Der Bundesrat hat heute mit großer Mehrheit die hessische Initiative zum Schutz von Gesundheitsdaten beschlossen. Justizministerin Eva Kühne-Hörmann unterstrich nochmals die Signalwirkung dieser Initiative: „Daten sind das Gold des Internetzeitalters. Nahezu überall und in jeder Lebenssituation hinterlassen wir digitale Spuren. Beim Bezahlen an der Kasse, beim Einsatz von Navigationsgeräten oder beim Surfen im Internet. Mit der Digitalisierung haben die Fähigkeiten und Einsatzfelder der kommerziellen Datensammler enorm zugenommen und deshalb müssen wir regelmäßig unser rechtliches und ethisches Gerüst daraufhin überprüfen, ob die Kernaussagen unserer Werteordnung erhalten bleiben.“

„Sensible Gesundheitsdaten müssen wir schützen"

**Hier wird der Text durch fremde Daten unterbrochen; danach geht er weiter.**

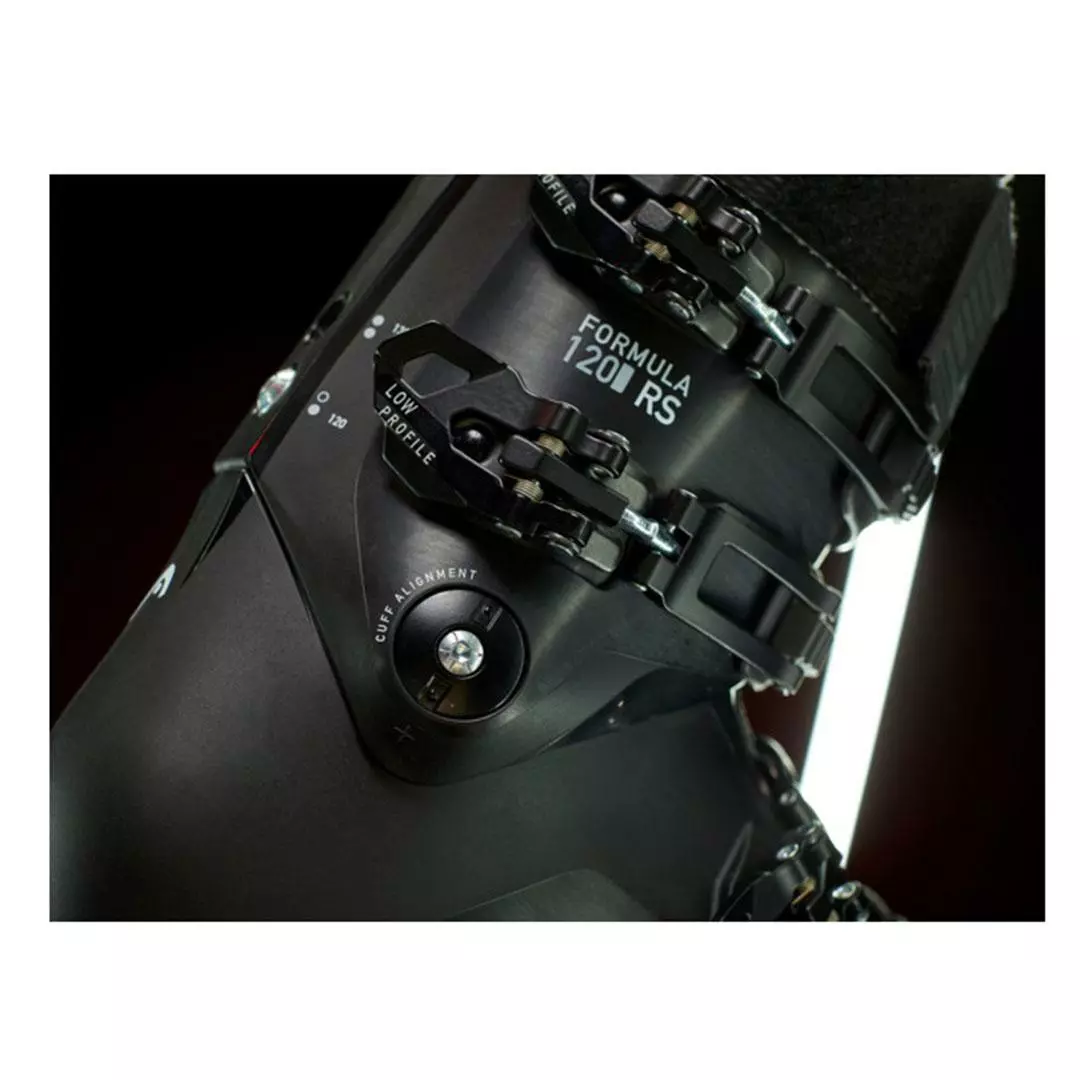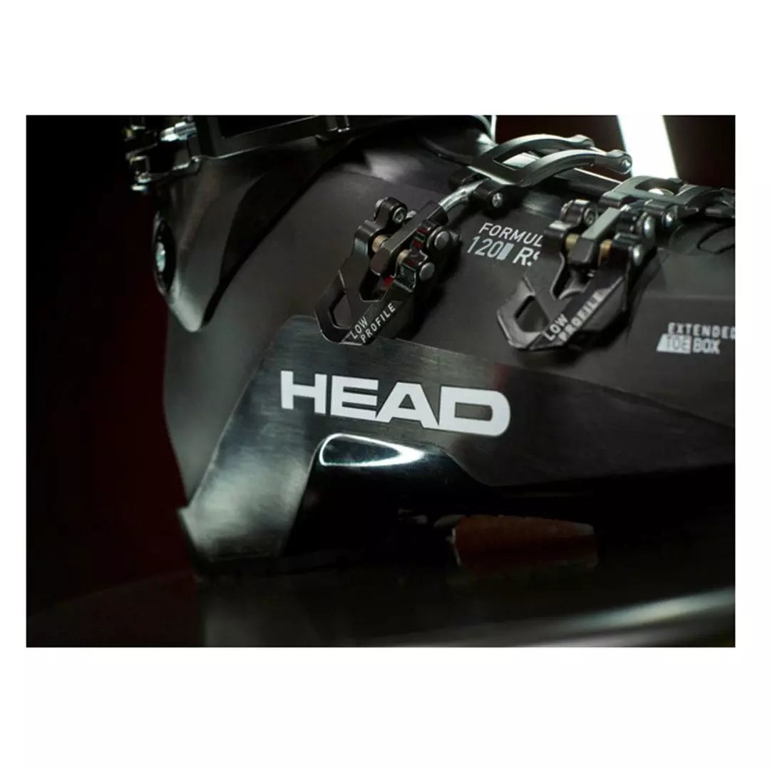 HEAD’s new formula for success is the Formula RS 120. Trickle down race knowledge results in high-level frontside performance combined with a comfort-oriented customizable fit applauded by bootfitters. Available with a 98-mm last, the Formula RS 120 has an extended toe box for toe articulation and a Race balance stance that allows skiers to be more centered. The shell has an adjustable flex of 130 to 120, cuff alignment capabilities and four micro-adjustable Spine-Flex low profile buckles. The 3D Pro Formula liner has heel and ankle supporting Liquid Fit and a 50mm Velcro strap for an athletic wrap.

„Zahlreiche Dienstleister haben den Wert von Gesundheitsdaten für die Versicherungswirtschaft erkannt und sind dabei, möglichst viele neue Datenquellen in ihre Risikoabwägung einzubeziehen. Insbesondere der Trend zum Self-Tracking ist für die digitalen Schatzsucher besonders interessant. War der Fitness-Tracker früher allenfalls bei ambitionierten Sportlern verbreitet, ist das Zauberwort heute „Wearable“. Weltweit wurden in den letzten Jahren rund 180 Millionen Stück davon verkauft. Kaum von normalen Armbanduhren zu unterscheiden übernehmen diese neuen tragbaren Helfer viele Serviceaufgaben. Sie erinnern uns an Termine, zeigen die Uhrzeit und das Wetter an. Man kann mit ihnen telefonieren und seinen Alltag managen. Kurz: Sie machen unser Leben leichter“, erläuterte die Justizministerin die fortfuhr „aber: Sie erfassen auch die Herzfrequenz, die Schrittzahlen, werten unseren Fitness- oder Stresszustand aus und geben sogar Hinweise, wie wir uns verbessern können. Sie erfassen den Schlafrhythmus, unser Gewicht bis hin zur Erfassung dessen, was wir zu uns nehmen. Diese sensiblen Gesundheitsdaten müssen wir schützen.“

„Insbesondere für potentielle Arbeitgeber oder potentieller Versicherer können diese Daten eine verlockende Grundlage für wirtschaftliche Entscheidungen werden. Wie verlockend, erkennt man daran, dass der Internetkonzern Google kürzlich angekündigt hat, für rund 1,9 Milliarden Euro den Fitnessuhren-Hersteller Fitbit zu kaufen. Fitbit hat 28 Millionen aktive Nutzer auf seiner Plattform und verfügt damit über einen riesigen Schatz an solchen Gesundheitsdaten. Gegenstand der Entschließung des Bundesrates war es deshalb, die Verwertung solcher Daten für die fortlaufende Anpassung von Tarifen, sogenannten Self-Tracking-Tarifen, künftig zu untersagen. Dies auch dann, wenn der Kunde einer Verwertung zustimmt. Wir wollen keinen Wettbewerb zwischen kranken und gesunden Kunden schaffen. Zu unserem Wertesystem gehört eben auch, dass wir eine Solidargemeinschaft sind. Diese Solidargemeinschaft zeigt sich in vielen Facetten, so auch in der Gesundheitswirtschaft“, erklärte Hessens Justizministerin.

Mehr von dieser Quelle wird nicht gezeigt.